▶ _Supplied information_

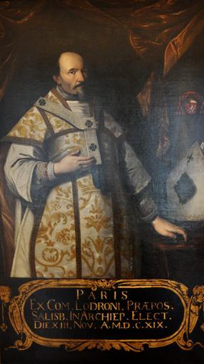 | Keywords: Paris Lodron 1638.jpg Artwork Erzbischof Paris Graf Lodron im Messgewand anonym Salzburg 1638 Öl auf Leinwand; Land Salzburg Inv Nr 1111130441; ausgestellt im Salzburg Museum 1638 Oil on canvas Institution Salzburg Museum own by WolfD59 2013-05 other versions <gallery>Paris Lodron 1638 Wappen jpg</gallery> 17th-century unidentified painters 1638 Paintings in the Salzburg Museum Paris Lodron 1630s paintings in Austria 1638 oil on canvas paintings Portrait 1638 portrait paintings Male 17th-century oil portraits of standing men at three-quarter length in ecclesiastical costumes 1638 17th-century portrait paintings in Austria 1638 Red drapery in portrait paintings 1638 |
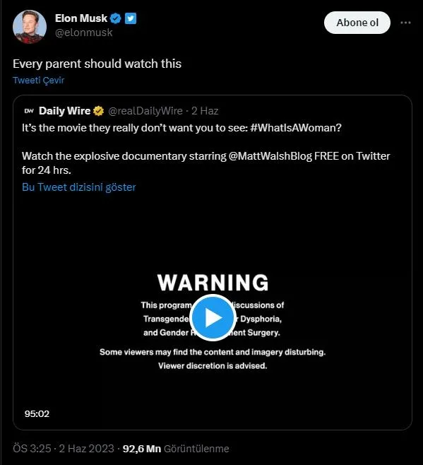 Twitter'ın sahibi Elon Musk, 2 Haziran'da yayınlanan belgesele Twitter tarafından sansür uygulanmasının ardından başlangıçta gelen şikayetlere karşı tepkisiz kalmayı tercih ederken, cuma günü belgeseli alıntılayarak, 'Bunu her ebeveyn izlemeli' dedi ve içeriğe uygulanan erişim engeline dair tüm sansürleri kaldırdı.
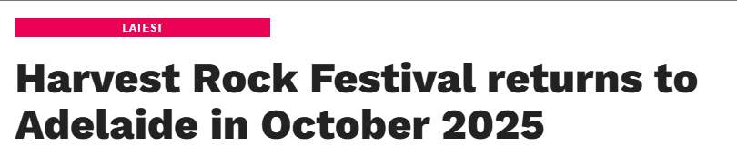 据《Glamadelaide》8月1日报道,Harvest Rock音乐节将于2025年10月回归阿德莱德,10月25日(周六)至26日(周日)期间,将在Murlawirrapurka公园和Ityamai-Itpina/Rymill公园以及King Rodney公园举行音乐、美食与美 ...
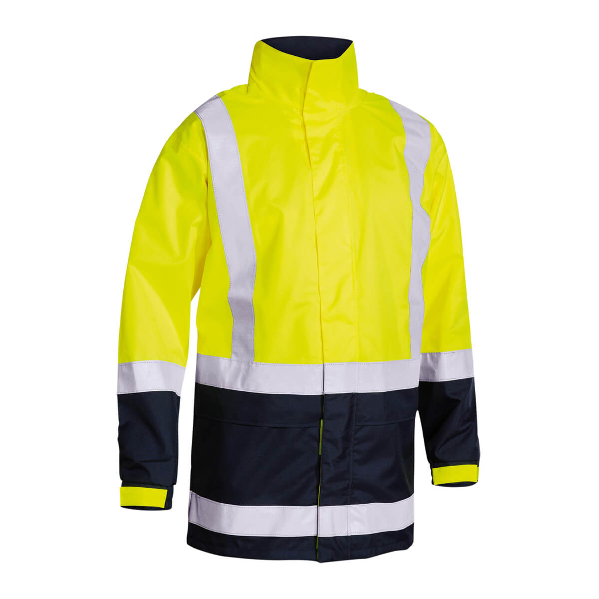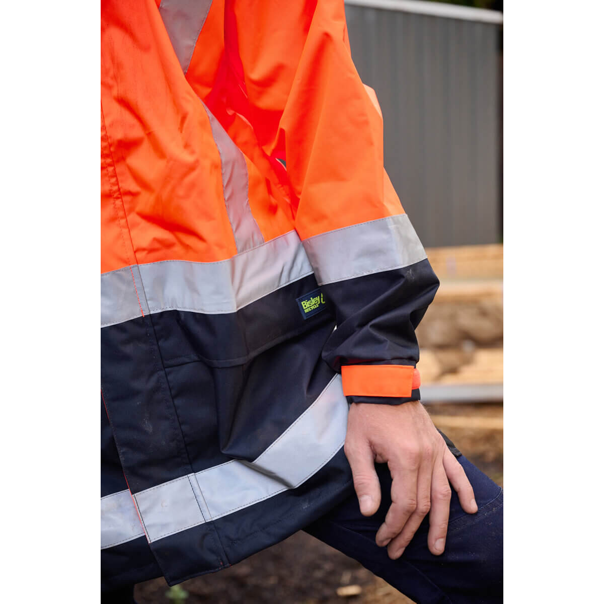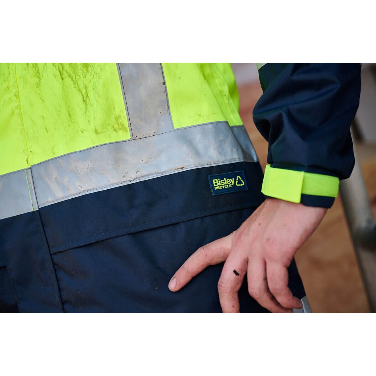 Bisley BJ6766T Taped Hi Vis Recycled Rain Shell Jacket Yellow/Navy

▶ _How to complete this task_
Would you restate the listing word for word and leave every picture out?

▶ _The completed task_
 | Keywords: Paris Lodron 1638.jpg Artwork Erzbischof Paris Graf Lodron im Messgewand anonym Salzburg 1638 Öl auf Leinwand; Land Salzburg Inv Nr 1111130441; ausgestellt im Salzburg Museum 1638 Oil on canvas Institution Salzburg Museum own by WolfD59 2013-05 other versions <gallery>Paris Lodron 1638 Wappen jpg</gallery> 17th-century unidentified painters 1638 Paintings in the Salzburg Museum Paris Lodron 1630s paintings in Austria 1638 oil on canvas paintings Portrait 1638 portrait paintings Male 17th-century oil portraits of standing men at three-quarter length in ecclesiastical costumes 1638 17th-century portrait paintings in Austria 1638 Red drapery in portrait paintings 1638 |
 Twitter'ın sahibi Elon Musk, 2 Haziran'da yayınlanan belgesele Twitter tarafından sansür uygulanmasının ardından başlangıçta gelen şikayetlere karşı tepkisiz kalmayı tercih ederken, cuma günü belgeseli alıntılayarak, 'Bunu her ebeveyn izlemeli' dedi ve içeriğe uygulanan erişim engeline dair tüm sansürleri kaldırdı.
 据《Glamadelaide》8月1日报道,Harvest Rock音乐节将于2025年10月回归阿德莱德,10月25日(周六)至26日(周日)期间,将在Murlawirrapurka公园和Ityamai-Itpina/Rymill公园以及King Rodney公园举行音乐、美食与美 ...
 Bisley BJ6766T Taped Hi Vis Recycled Rain Shell Jacket Yellow/Navy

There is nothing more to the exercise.